(Records for the task)

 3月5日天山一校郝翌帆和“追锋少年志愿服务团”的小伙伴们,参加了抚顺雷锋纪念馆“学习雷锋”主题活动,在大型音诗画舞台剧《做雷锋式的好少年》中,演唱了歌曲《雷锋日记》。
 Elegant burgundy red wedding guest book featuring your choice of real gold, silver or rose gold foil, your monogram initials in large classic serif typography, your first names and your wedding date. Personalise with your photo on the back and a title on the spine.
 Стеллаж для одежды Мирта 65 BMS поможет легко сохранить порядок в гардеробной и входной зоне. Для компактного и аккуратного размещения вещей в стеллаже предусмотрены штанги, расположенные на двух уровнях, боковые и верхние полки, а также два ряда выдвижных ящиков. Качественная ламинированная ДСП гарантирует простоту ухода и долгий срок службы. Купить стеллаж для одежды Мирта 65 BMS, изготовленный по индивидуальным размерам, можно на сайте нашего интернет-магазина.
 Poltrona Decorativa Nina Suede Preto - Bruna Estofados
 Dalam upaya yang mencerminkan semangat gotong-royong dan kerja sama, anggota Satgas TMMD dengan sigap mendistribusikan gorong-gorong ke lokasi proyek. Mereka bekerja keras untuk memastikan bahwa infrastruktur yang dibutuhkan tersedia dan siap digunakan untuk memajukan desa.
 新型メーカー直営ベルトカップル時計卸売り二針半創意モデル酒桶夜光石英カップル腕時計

(End Records for the task)
(Records for the task)

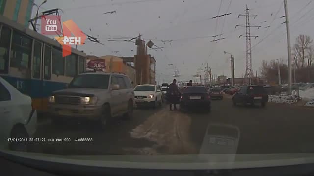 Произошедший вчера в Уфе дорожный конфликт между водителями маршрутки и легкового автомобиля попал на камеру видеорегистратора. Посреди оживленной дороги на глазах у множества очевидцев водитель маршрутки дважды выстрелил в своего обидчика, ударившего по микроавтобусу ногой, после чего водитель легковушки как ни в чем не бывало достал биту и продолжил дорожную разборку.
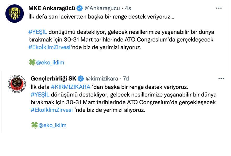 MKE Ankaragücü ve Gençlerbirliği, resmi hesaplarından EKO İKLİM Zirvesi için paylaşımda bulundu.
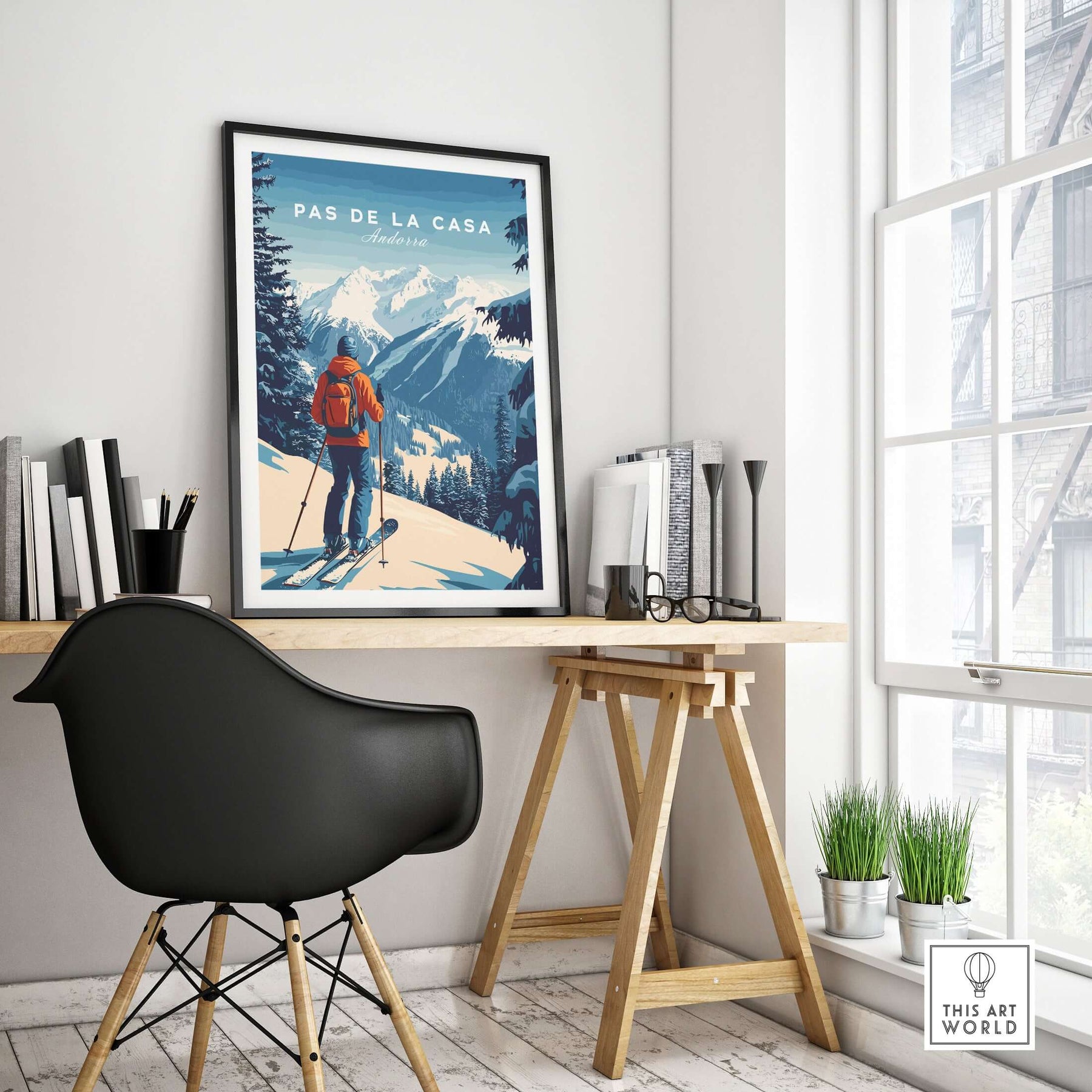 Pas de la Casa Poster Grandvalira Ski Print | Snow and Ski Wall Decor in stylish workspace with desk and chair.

(End Records for the task)

All that should be written out is the stretch of lines above between the one holding "Elegant burgundy red" and the one holding "新型メーカー直営ベルトカップ", inclusive, exactly as given.

 Elegant burgundy red wedding guest book featuring your choice of real gold, silver or rose gold foil, your monogram initials in large classic serif typography, your first names and your wedding date. Personalise with your photo on the back and a title on the spine.
 Стеллаж для одежды Мирта 65 BMS поможет легко сохранить порядок в гардеробной и входной зоне. Для компактного и аккуратного размещения вещей в стеллаже предусмотрены штанги, расположенные на двух уровнях, боковые и верхние полки, а также два ряда выдвижных ящиков. Качественная ламинированная ДСП гарантирует простоту ухода и долгий срок службы. Купить стеллаж для одежды Мирта 65 BMS, изготовленный по индивидуальным размерам, можно на сайте нашего интернет-магазина.
 Poltrona Decorativa Nina Suede Preto - Bruna Estofados
 Dalam upaya yang mencerminkan semangat gotong-royong dan kerja sama, anggota Satgas TMMD dengan sigap mendistribusikan gorong-gorong ke lokasi proyek. Mereka bekerja keras untuk memastikan bahwa infrastruktur yang dibutuhkan tersedia dan siap digunakan untuk memajukan desa.
 新型メーカー直営ベルトカップル時計卸売り二針半創意モデル酒桶夜光石英カップル腕時計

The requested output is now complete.